Press Releases

Paccione Urges College Loan Consolidation - 6/23/2006

For Immediate  Release: June 23, 2006
Contact: James Thompson
(970) 222-6397



Loan interest rates to skyrocket on July 1, thanks in part to Rep. Marilyn Musgrave’s ties to special interests.

FORT COLLINS—State Rep. Angie Paccione is reminding current college students and college graduates to consolidate their loans before student loan interest rates skyrocket on July 1.

Starting July 1, the interest rate on government-guaranteed loans will increase by 30 to 40 percent because of S. 1932, the so-called “Deficit Reduction Act of 2005,” which actually increased the deficit by $30 billion, and which Rep. Marilyn Musgrave approved in lieu of more comprehensive deficit reduction plans proposed by Democrats in Congress.

All told, the Republican-led Congress has slashed $12 billion from federal student aid programs to help finance $70 billion in tax breaks for the wealthiest Americans.

Sallie Mae—a student loan provider that stands to profit immensely from interest rate hikes—and its employees have contributed $2.7 million to Congress members and congressional PACs since 2002, including $6,000 to Musgrave’s campaigns ($3,000 this year and $3,000 in the 2004 election cycle).

“At a time America is striving to compete in the world marketplace, Marilyn voted to make it vastly more difficult for students to get an education, while making it easier for the rich to get richer,” Paccione said. “Her ties to special interests are not in America’s best interests.”

A bill proposed by Democrats to counter the interest rate hikes, H.B. 5150, would have cut interest rates in half for students with subsidized student loans, and for families most in need. But the Reverse the Raid on Student Aid Act was stifled by Republicans in Congress and failed to reach committee. It would have saved the typical student borrower $5,600.

“We need to balance our budget, but we shouldn’t balance our budget on the backs of our up-and-coming workforce,” Paccione said. “Increasing the burden for our students may help with the deficit in the short term, but there are better ways that won’t saddle Americans with crippling debt. The long-term consequences of Musgrave’s policies will no doubt be disastrous.”

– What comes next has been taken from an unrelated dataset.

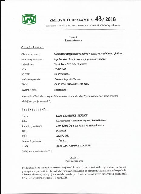 Zmluva o reklame č. 43/2018 Slovenské magnezitové závody, a. s. Jelšava Posted on 6. júla 2018 by gemersketeplice Príloha Príloha

The new rates apply to Stafford loans, taken out by students, and to Parent Loans for Undergraduate Students (PLUS loans).

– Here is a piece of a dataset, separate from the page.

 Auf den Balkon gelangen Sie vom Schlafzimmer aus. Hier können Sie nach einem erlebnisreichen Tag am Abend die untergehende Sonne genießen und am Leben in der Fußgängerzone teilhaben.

On July 1, the rate for Stafford loans for students who are in school, grace or deferment will rise from 4.7 percent to 6.54 percent. The rate for Stafford loans in repayment will go to 7.14 percent from 5.3 percent. The rate for PLUS loans will rise to 7.94 percent from 6.1 percent.

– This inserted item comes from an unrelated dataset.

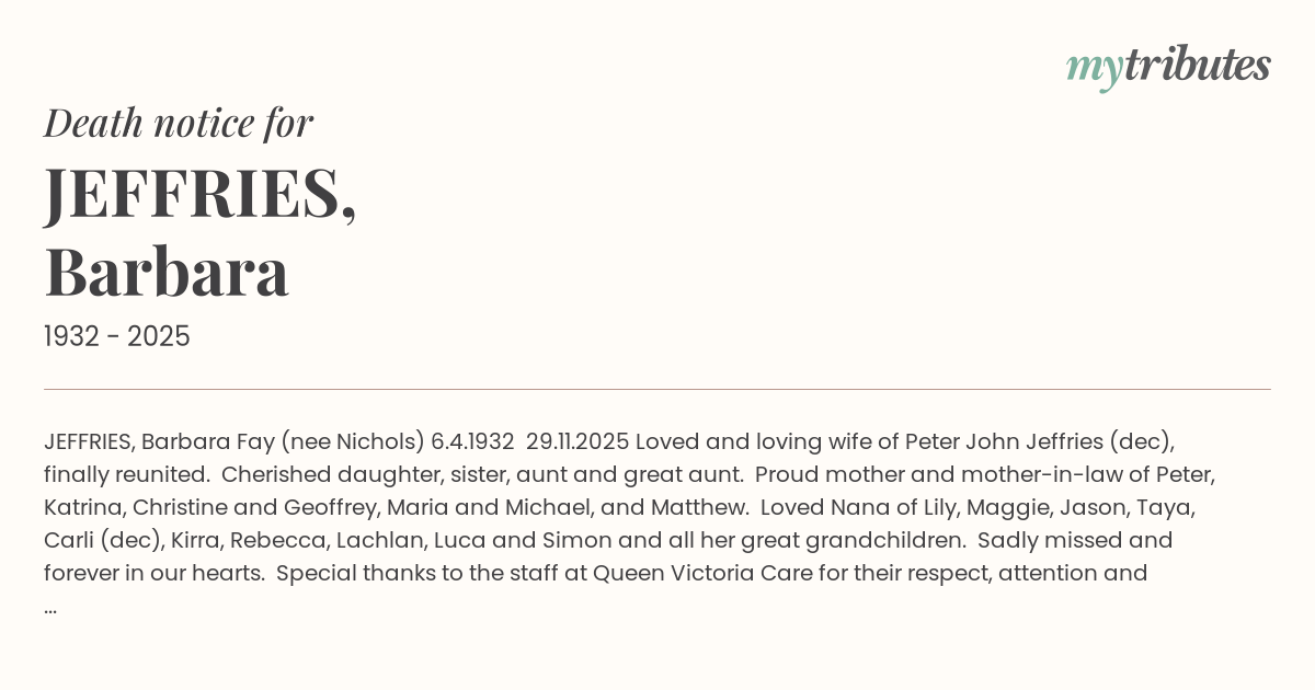 12°CJEFFRIES, Barbara Fay (nee Nichols) 6.4.1932 – 29.11.2025 Loved and loving wife of Peter John Jeffries (dec), finally reunited. Cherished daughter, sister, aunt and great aunt. Proud mother and mother-in-law of Peter, Katrina, Christine and Geoffrey, Maria and Michael, and Matthew. Loved Nana of Lily, Maggie, Jason, Taya, Carli (dec), Kirra, Rebecca, Lachlan, Luca and Simon and all her great grandchildren. Sadly missed and forever in our hearts. Special thanks to the staff at Queen Victoria Care for their respect, attention and dedication.

Students and their parents can lock in today’s lower rates by converting them to a fixed-rate consolidation loan by June 30. They can find information on consolidating federal loans at

“Continuing students, especially, should think about consolidating,” said Paccione, a former college professor at Colorado State University. “Beginning July 1, students won’t be able to consolidate Stafford loans while they’re still in school.”